Chef Ruby Islam is the in-house chocolatier at ITC Gardenia. She is responsible and in-charge for Food and Beverage production at Fabelle, the chocolate boutique stationed in the hotel.
She holds a Bachelors degree in Hotel Management with a specialization in Bakery and Pastry Arts. She comes with a rich experience having worked with speciality restaurants and bakeries and a luxury hotel. She joined ITC hotels in 2013 as a management trainee at ITC HMI and began with training at ITC Maurya, New Delhi post which she joined ITC Grand Bharat in 2014. She played an elementary role as a pre-opening team member to set up the Bakery and Pastry Kitchen at the hotel. She then moved to ITC Gardenia as Junior Sous Chef, Pastry and Bakery and has now taken over as the chocolatier at Fabelle.

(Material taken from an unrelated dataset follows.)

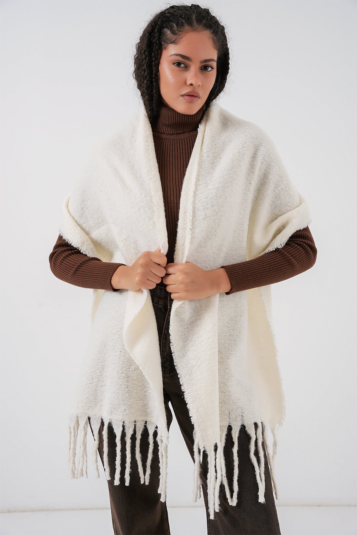 BGD Women Kadın Yumuşak Dokulu Kalın Şal Atkı 15951 - Ekru - Bila Tserkva

Ruby has been a trailblazer holding her passion strong during the pre and post launch period of Fabelle, the chocolate boutique at ITC Gardenia. She has undergone an extensive training under internationally acknowledged chocolate artisan, Christophe Morel during his visit to India last year before the launch of Fabelle. Her inbuilt creativity and acumen have driven her to be one of the most dedicated chefs in the team.
Her signature creations at Fabelle are Premium Almond and Coriander Praline Tartine;
and Salted Caramel Ganache.
Chef Ruby Islam in an interview with Suman Prasad spoke in length about how she motivates herself at work, how she balances her personal & professional life, on how she chose to make a career in F&B and other interesting details.
Excerpts from the interview.
On motivating herself at work
My motivation to create always comes from being hungry, literally. I inspire myself by everything around me, recreating childhood memories, creating a wow experience every time I set out a plate by playing with colours, textures, flavours and elements of surprise; and using ingredients in a manner wherein it’s truly appreciated for what it is or where it comes from.
Would you know that Madagascar beans, one of the most celebrated chocolates today owe its superiority to nearly 50 kms radius of farm land where cocao growth had flourished since the 1930’s. It’s barely 1% of the world’s cocao growth. Farmers handling the chocolates, the climatic conditions, the Sambirano Madagascar soil enriched by minerals of the river that flows along side – give it a profound red fruity taste that tingle your taste buds to surprise.
Food always has a story to tell.
On keeping a balance between personal and professional life
The initial years in this profession requires dedicated, long hours of work. My boss/mentor/confidant once said to me “Your going to find yourself married to your job”.
Soon I realized that this type of work required me to read more, expose myself to trends, practice styles and most importantly, be patient as you truly have to be so if you want to teach yourself something new. It’s also very important to have a healthy mind to be able to think and create. I try
to be healthy, dedicate to fitness and engage in hobbies that excite me.
On what made her decide to establish her career in F&B and the initial challenges
It simply started with the want to eat! As a child I found myself lurking around the kitchen to make an attempt at the Pilsbury cooker cake without blowing it up. I love sweet. And today I head the kitchen of Fabelle- where I’m eating chocolate all day long.
The obvious challenge (considering I’m a woman) was-“Why kitchen? Choose Sales and Marketing!”
On skills which are important to be a good leader
I think to be a good leader it is important to be:
- Have empathy towards your colleagues
- A drive to achieve and be able to prioritize.
On the biggest issue facing women her age today
Safety – Both personally and professionally.
On whether it is important to have an International Women’s Day
I do think so. Yes, women have lived a life- treated inferior to men. Over the years this has significantly changed. International Woman’s day could in a way be a reminder to the world out there that we need to be treated with dignity, respect and celebrated.
Tips for women who want to make a career in F&B industry or to be more specific become a Chocolatier?
Accept and acknowledge that its’s a hard life. A tough life that will need you to be strong towards all the challenges thrown at you, rather than succumb to it and often find you asking yourself “Why me”?
The biggest challenge of working around only men for me was communication, finding common associations and delegation. Think beyond that, follow the pursuit of perfection and inspire others with your passion.